For each record below, retype the text exactly and omit any image.

Data for analysis Start Marker

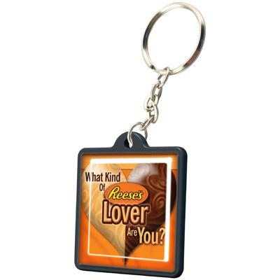 Square shape plastic keychain. Add a 4 color SpectraDomeª logo on both sides of the keychain to optimize the branding area.
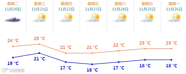 预计明后两天我市阴天转多云,间中有零星小雨或轻雾,气温较为平稳舒适;本周中后期因冷空气活跃,气温逐渐下降,早晚较凉,请注意及时增添衣物,谨防感冒。
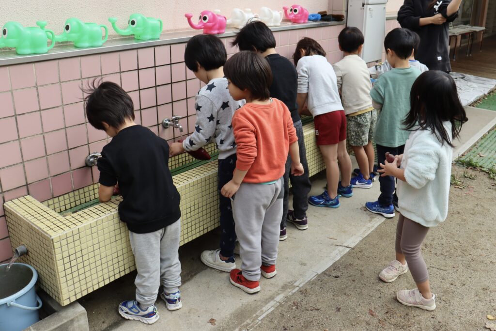 まずお芋を洗うところからです!
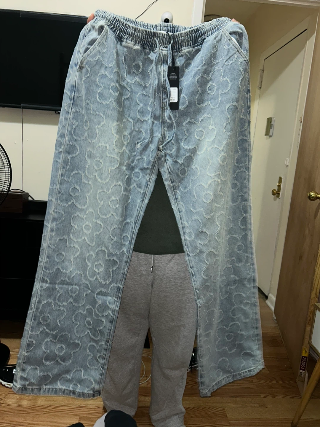 These light wash denim jeans feature an all-over embroidered floral pattern. They have a comfortable elastic waistband with a drawstring. The fit is wide leg.
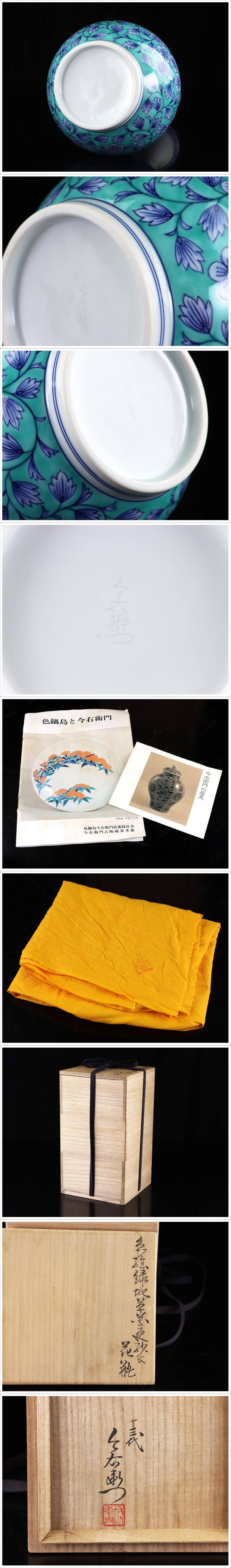 サイズ(約) 高さ 30.5㎝/口径 8㎝/胴径 18㎝ 重量 1360g 付属品 栞・共布・共箱 百貨店個展作品 本物保証 人間国宝 十三代今泉今右衛門 秀逸本人作 色鍋島緑地草花更紗文花瓶 共箱付 本人陰刻銘 高さ30.5㎝ 優美作 本物保証 本物保証 十三代今泉今右衛門 12代今右衛門の長男として生まれ、有田工業学校を経て東京美術学校に学び、卒業後は帰郷して父の薫陶を受けて作陶を開始。 その後、1975年に父の死去に伴い13代を襲名(この間、日本伝統工芸展や一水会展を中心に出品して63年一水会長賞、伝統工芸展日本工芸会会長賞などを受賞、両展の会員、正会員に推挙されている)。 襲名後は襲名記念個展などを各地で開催、また76年には工房の技術上位陶人たちと色鍋島技術保存会を組織(重要無形文化財総合指定)。 その後も伝統を守りながらも常に新しい技法も取り入れた現代的な作陶を志して伝統工芸会展や公募展に出品、更に地域の発展や後進の育成にも貢献を示し76年に日本陶磁協会賞、79年佐賀県芸術文化賞、84年西日本文化賞、86年紫綬褒章、佐賀県功労賞、佐賀新聞文化賞、 88年毎日芸術賞、第1回MOA岡田茂吉大賞展大賞などを受賞して89年に国指定重要無形文化財(人間国宝)の認定、 同年日本陶磁協会金賞、99年勲4等旭日中綬章など多数の受賞、表彰歴を持つ。 個展では国内はもとよりスペイン、ポルトガル、パリなどで開催して高い評価を受けており、95年に国際文化交流に尽力したとして外務大臣表彰されている。 十三代が吹墨や薄墨と共に好んだ技法の一つが用いられており、鮮やかな呉須を用いて美しき草花文を緻密に描いた上で余白を緑の上絵の具にて塗り上げることで、素晴らしい色彩効果を生み出しています。 十三代の高い技巧と美意識が色濃く表れた逸品です。 豊かな造形美を見せる本作をご自慢のコレクションにお加え下さい。 高台内に「今右衛門」陰刻銘あり。 実に見事な芸術作品になります!大事にしていただける方の入札お待ちしております。 |
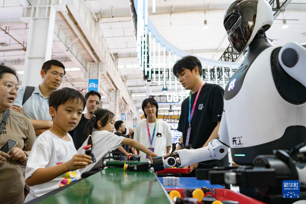 在世界機(jī)器人大會(huì)展館內(nèi),觀眾與天工機(jī)器人進(jìn)行零件分揀互動(dòng)(8月8日攝)。
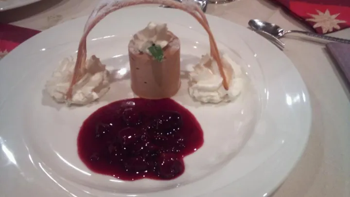 Eier, Dotter und Staubzucker über Dampf schaumig schlagen. Masse kaltschlagen. Nougat schmelzen und unter die Masse ziehen. Schlagobers schlagen und unterheben. Masse in die Förmchen füllen und mindestens 3 Stunden tiefkühlen.
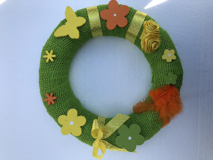 Základem je věnec slámový, který je potažen zelenou jutou, dále jsou použity stuhy, peříčka, dřevěné ručně vyřezávané kytičky.
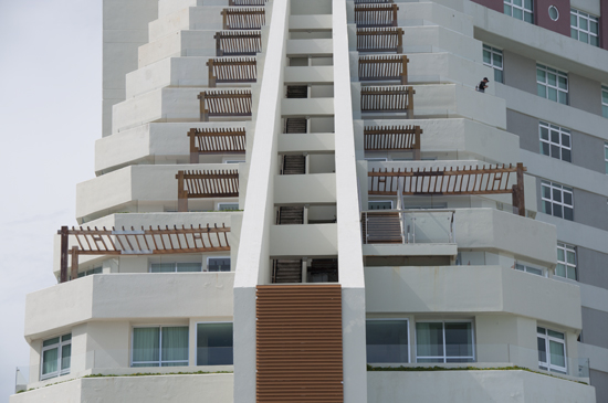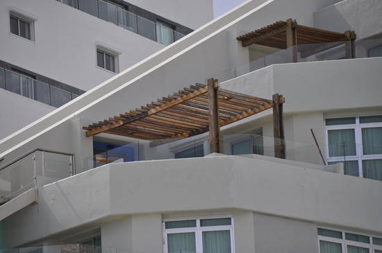 The view of the Deck, Serene Balcony and Balcony X. In this picture, you can see the emergency exit staircase running between them.
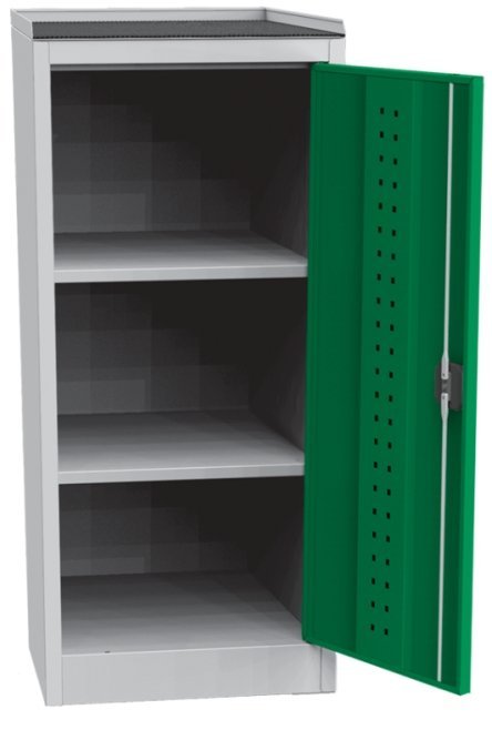 One-door metal cabinet with two shelves. Dimensions height 1180 x width 505 x depth 500 mm. Locking with a cylindrical wheelbase lock. Body color light gray.
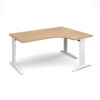 Its corner configuration maximizes space efficiency, providing ample surface area and a modern aesthetic, making it a popular choice for a wide range of office projects and environments.
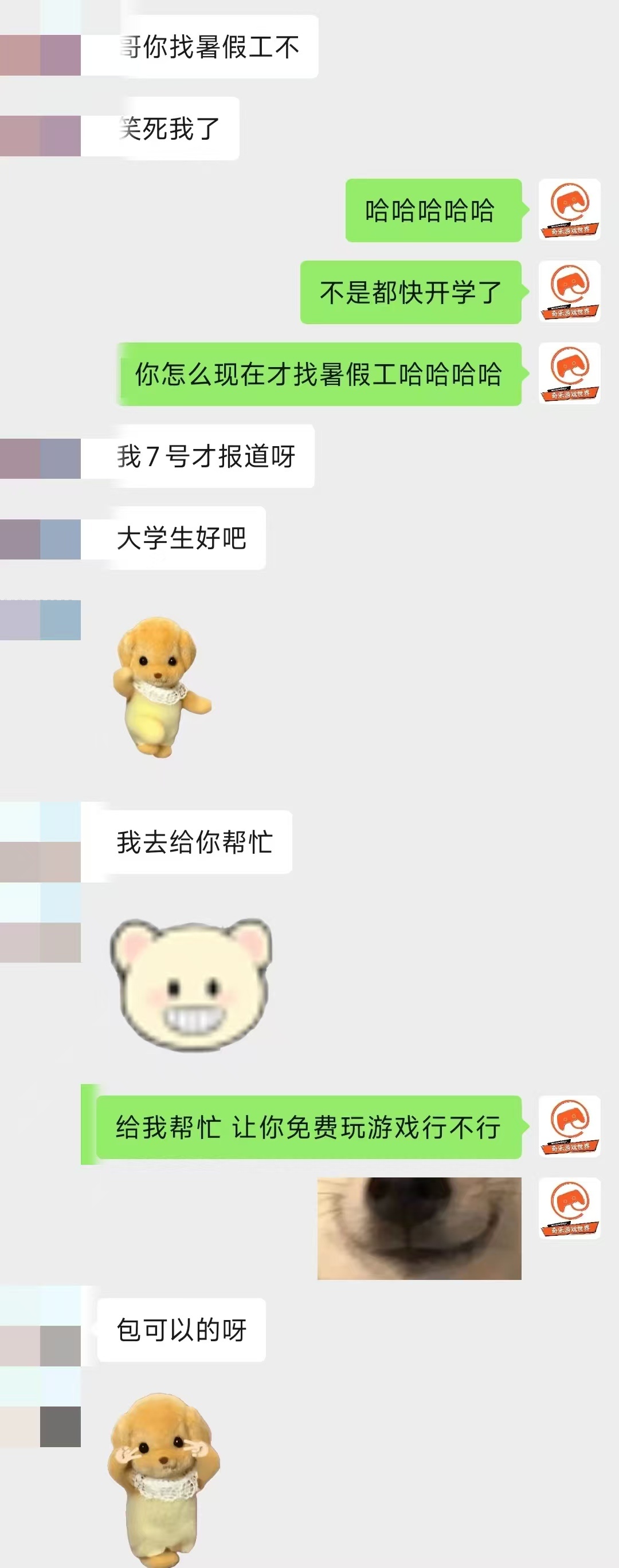時間到了後,我習慣性的加了小姐姐的微信,開始打掃包間並消毒。重點來了,小姐姐的項鍊掉到了包間的地上,我瞅了一眼應該也不便宜,估計兩三百的樣子。然後我以最快的速度給小姐姐發了微信讓她來拿項鍊,沒想到聊了一會,小姐姐問我招不招暑假工,我仔細想了想目前的經營現狀,跟她說:“給我幫忙,讓你免費玩遊戲”。她竟然很爽快的答應了。事情到這裏就結束了,後續大概是我倆有又簡單的聊了下店裏需要做什麼事情等等。

Data for analysis End Marker

Answer to this task
 Square shape plastic keychain. Add a 4 color SpectraDomeª logo on both sides of the keychain to optimize the branding area.
 预计明后两天我市阴天转多云,间中有零星小雨或轻雾,气温较为平稳舒适;本周中后期因冷空气活跃,气温逐渐下降,早晚较凉,请注意及时增添衣物,谨防感冒。
 まずお芋を洗うところからです!
 These light wash denim jeans feature an all-over embroidered floral pattern. They have a comfortable elastic waistband with a drawstring. The fit is wide leg.
 サイズ(約) 高さ 30.5㎝/口径 8㎝/胴径 18㎝ 重量 1360g 付属品 栞・共布・共箱 百貨店個展作品 本物保証 人間国宝 十三代今泉今右衛門 秀逸本人作 色鍋島緑地草花更紗文花瓶 共箱付 本人陰刻銘 高さ30.5㎝ 優美作 本物保証 本物保証 十三代今泉今右衛門 12代今右衛門の長男として生まれ、有田工業学校を経て東京美術学校に学び、卒業後は帰郷して父の薫陶を受けて作陶を開始。 その後、1975年に父の死去に伴い13代を襲名(この間、日本伝統工芸展や一水会展を中心に出品して63年一水会長賞、伝統工芸展日本工芸会会長賞などを受賞、両展の会員、正会員に推挙されている)。 襲名後は襲名記念個展などを各地で開催、また76年には工房の技術上位陶人たちと色鍋島技術保存会を組織(重要無形文化財総合指定)。 その後も伝統を守りながらも常に新しい技法も取り入れた現代的な作陶を志して伝統工芸会展や公募展に出品、更に地域の発展や後進の育成にも貢献を示し76年に日本陶磁協会賞、79年佐賀県芸術文化賞、84年西日本文化賞、86年紫綬褒章、佐賀県功労賞、佐賀新聞文化賞、 88年毎日芸術賞、第1回MOA岡田茂吉大賞展大賞などを受賞して89年に国指定重要無形文化財(人間国宝)の認定、 同年日本陶磁協会金賞、99年勲4等旭日中綬章など多数の受賞、表彰歴を持つ。 個展では国内はもとよりスペイン、ポルトガル、パリなどで開催して高い評価を受けており、95年に国際文化交流に尽力したとして外務大臣表彰されている。 十三代が吹墨や薄墨と共に好んだ技法の一つが用いられており、鮮やかな呉須を用いて美しき草花文を緻密に描いた上で余白を緑の上絵の具にて塗り上げることで、素晴らしい色彩効果を生み出しています。 十三代の高い技巧と美意識が色濃く表れた逸品です。 豊かな造形美を見せる本作をご自慢のコレクションにお加え下さい。 高台内に「今右衛門」陰刻銘あり。 実に見事な芸術作品になります!大事にしていただける方の入札お待ちしております。 |
 在世界機(jī)器人大會(huì)展館內(nèi),觀眾與天工機(jī)器人進(jìn)行零件分揀互動(dòng)(8月8日攝)。
 Eier, Dotter und Staubzucker über Dampf schaumig schlagen. Masse kaltschlagen. Nougat schmelzen und unter die Masse ziehen. Schlagobers schlagen und unterheben. Masse in die Förmchen füllen und mindestens 3 Stunden tiefkühlen.
 Základem je věnec slámový, který je potažen zelenou jutou, dále jsou použity stuhy, peříčka, dřevěné ručně vyřezávané kytičky.
 The view of the Deck, Serene Balcony and Balcony X. In this picture, you can see the emergency exit staircase running between them.
 One-door metal cabinet with two shelves. Dimensions height 1180 x width 505 x depth 500 mm. Locking with a cylindrical wheelbase lock. Body color light gray.
 Its corner configuration maximizes space efficiency, providing ample surface area and a modern aesthetic, making it a popular choice for a wide range of office projects and environments.
時間到了後,我習慣性的加了小姐姐的微信,開始打掃包間並消毒。重點來了,小姐姐的項鍊掉到了包間的地上,我瞅了一眼應該也不便宜,估計兩三百的樣子。然後我以最快的速度給小姐姐發了微信讓她來拿項鍊,沒想到聊了一會,小姐姐問我招不招暑假工,我仔細想了想目前的經營現狀,跟她說:“給我幫忙,讓你免費玩遊戲”。她竟然很爽快的答應了。事情到這裏就結束了,後續大概是我倆有又簡單的聊了下店裏需要做什麼事情等等。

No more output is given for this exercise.